What is the complexity of such a distance? If you run 5 km for the result, you have to work in the so-called “red zone” – this is a very high level of effort, which goes beyond our comfort zone. When running in the “red zone” it is difficult to maintain even an internal dialogue in your head, not to mention talking to someone. Heart rate reaches 95-100% of maximum heart rate.

Thus preparatory trainings on 5 km are useful for improvement of productivity even to fans of longer distances because:
develop speed endurance and increase the explosive power of muscles, accelerate metabolism by alternating the intensity of training,
help to improve technique, train moral resilience, discipline and pump the ability to endure.

Running on the hills

Slide running helps to improve technique, develops strength and power of leg muscles. Run on a slope with an angle of 4-6 degrees at an estimated pace of 5 km. Go down at a slow pace to catch your breath. Perform 6-8 repetitions of 1 minute.

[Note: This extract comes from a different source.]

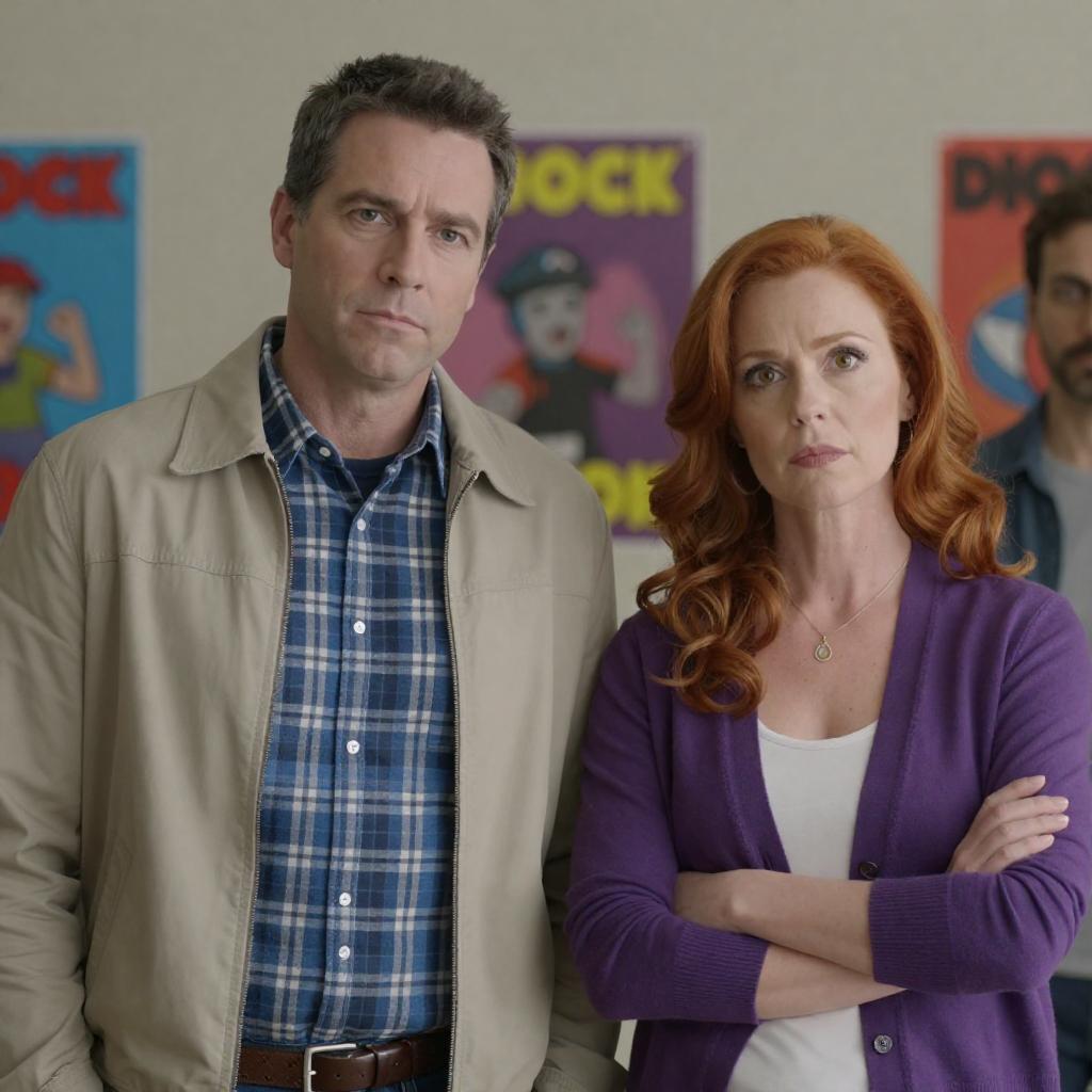 A middle-aged man with short dark hair wearing a black suit leans forward with a confused expression in a home setting. Behind him stands a smiling young boy in a black suit and white shirt. To the right, a woman with curly brown hair wearing a brown turtleneck and gold necklace crosses her arms looking to the side. The background features a wooden staircase.

Fartlek is an option of interval training with an arbitrary set of speed and recovery areas. Fartlek does not have a clear plan, its essence is in improvisation: throughout the training runner alternates segments of medium and high intensity with segments in the recovery pace.
Another plus – fartlek can be held anywhere: both in the stadium and during cross-country in the woods or hills. The combination of acceleration and rest can vary depending on well-being and level of training.

Pyramid (2-3-4-3-2) or (1-2-3-2-1)

“Pyramid” is somewhat reminiscent of the work of the gearbox in the car. Perform this workout continuously with equal rest according to the scheme: 2 minutes of intense running, 2 minutes of rest by jogging; 3 minutes fast, 3 minutes jogging; 4 minutes fast, 4 minutes jogging; repeat in reverse order. The shorter the interval, the faster the tempo should be.
Like fartlek, this session can be performed on any surface.

Interval running and how to do it

Run 10-12 reps of 400 m at a target pace of 5 km. Rest between repetitions – jogging 200-300 meters. Do not be surprised if this training will be difficult for you. Many athletes reach the target pace on the first few repetitions, but then can hardly complete the last.
The goal is to do it at the right pace, so do not accelerate, even if it seems that the speed is too easy.
And be prepared for psychological and physical trials on the last repetitions. This is the most important part of training, so if the end is difficult, know – you give a strong incentive to your body to improve fitness.